[Task input — start]

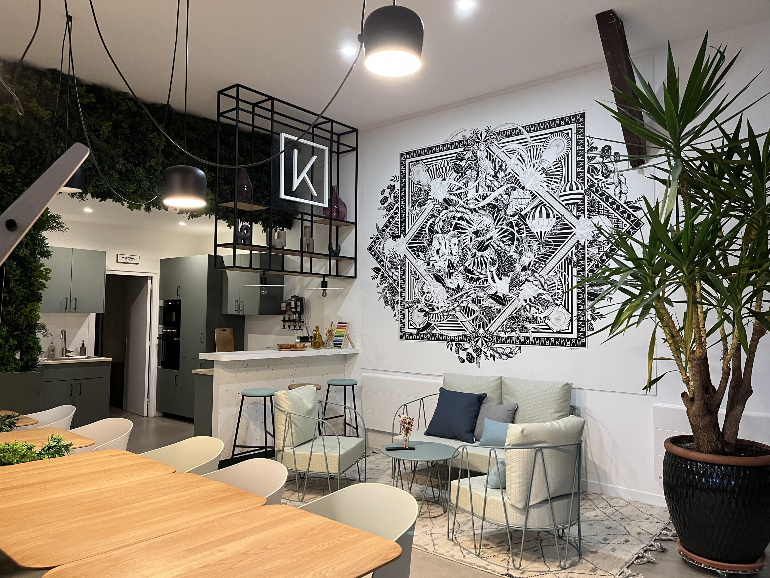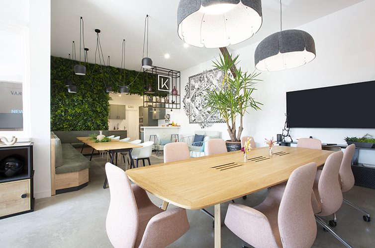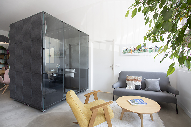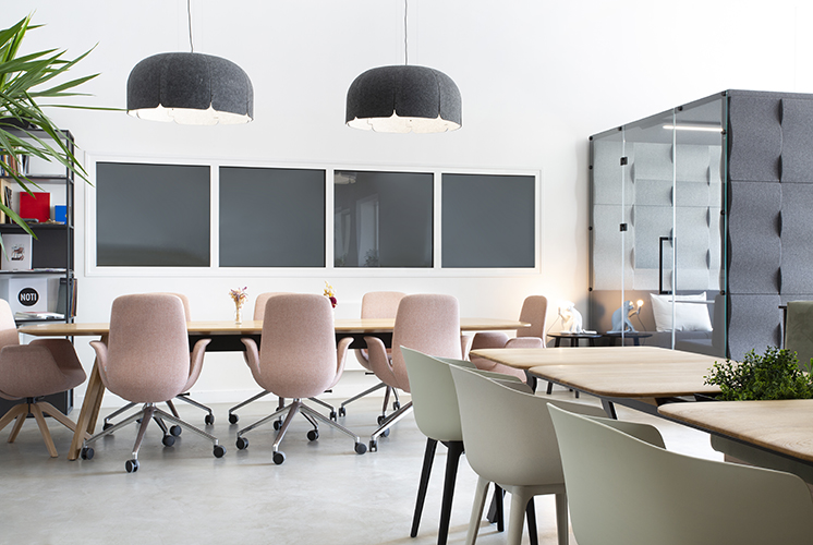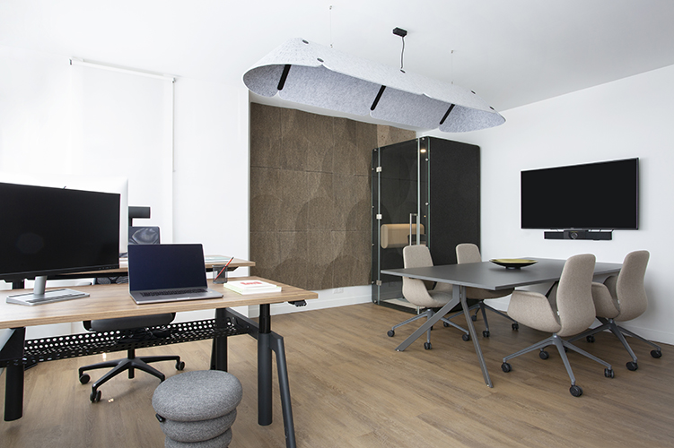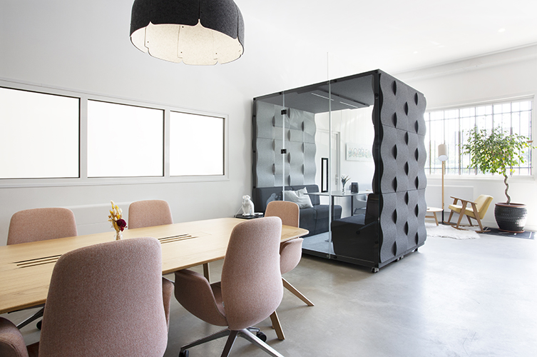 Design et aménagement d'un espace de travail collaboratif, de bureaux, d'un espace de détente et de cabines acoustiques.
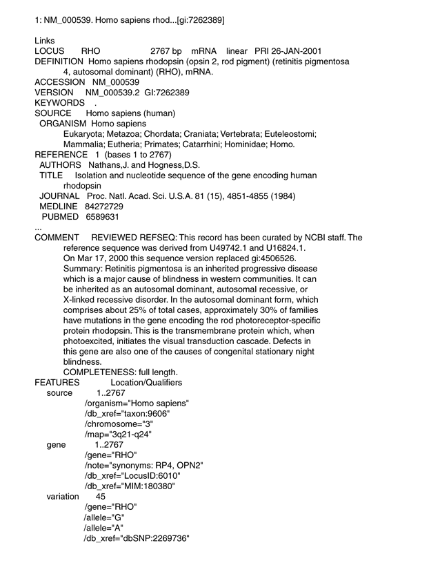NEIBank, A DATABASE OF EYE-SPECIFIC CDNAS AND GENES Illustrated in Figure 23 is a section of the webpage detailing abundant cDNAs found in un-normalized cDNA libraries from adult human retinas. The web page is from NEIBank, a catalog of information about the genes that are expressed in several different tissues from the eye. This collection is searchable in several different ways. In Figure 23, a list of cDNA clones expressed in the retina is shown. Only the first 19 clones of about 2700 are listed. The clones are listed by abundance of the cDNA in different retina-specific cDNA libraries. The most abundant cDNA is rhodopsin, and 138 clones were found in the database. The chromosomal location of each clone is listed. The GenBank entry and Unigene cluster entries also are given. GC stands for “Gene Cards” and a link is often provided to further information on the given gene. The NEIBank can be searched by gene, keywords, protein names, or general protein classifications. Each of the tissue-specific databases can be searched with a protein or DNA sequence using a “Blast” searching utility.
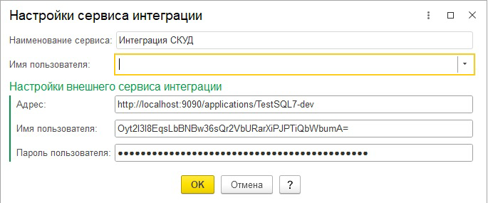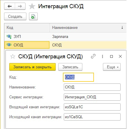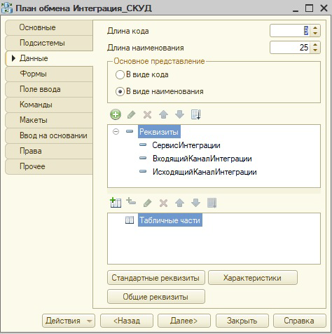 Для регистрации объектов к обмену нужно добавить план обмена "Интеграция_СКУД", в состав которого включить справочники "Физические лица" и "Контрольные точки". Также в план обмена необходимо добавить реквизиты, которые понадобятся для связки плана обмена и сервиса интеграции:
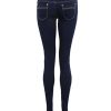 Refine your denim adding finesse satin touch to your look. Dark wash stretch denim, low rise, classic 5 pocket styling, chain trim to satin animal printed tie belt, skinny, petite fit.
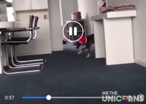 A small black dog wearing a Santa hat and shoes struggles to run across a room.

[Task input — finish]

__Work item__: Your copy should run from the line that has "Refine your denim" through the last line above, exactly, with both ends in and pictures out.

__Exercise output__:
 Refine your denim adding finesse satin touch to your look. Dark wash stretch denim, low rise, classic 5 pocket styling, chain trim to satin animal printed tie belt, skinny, petite fit.
 A small black dog wearing a Santa hat and shoes struggles to run across a room.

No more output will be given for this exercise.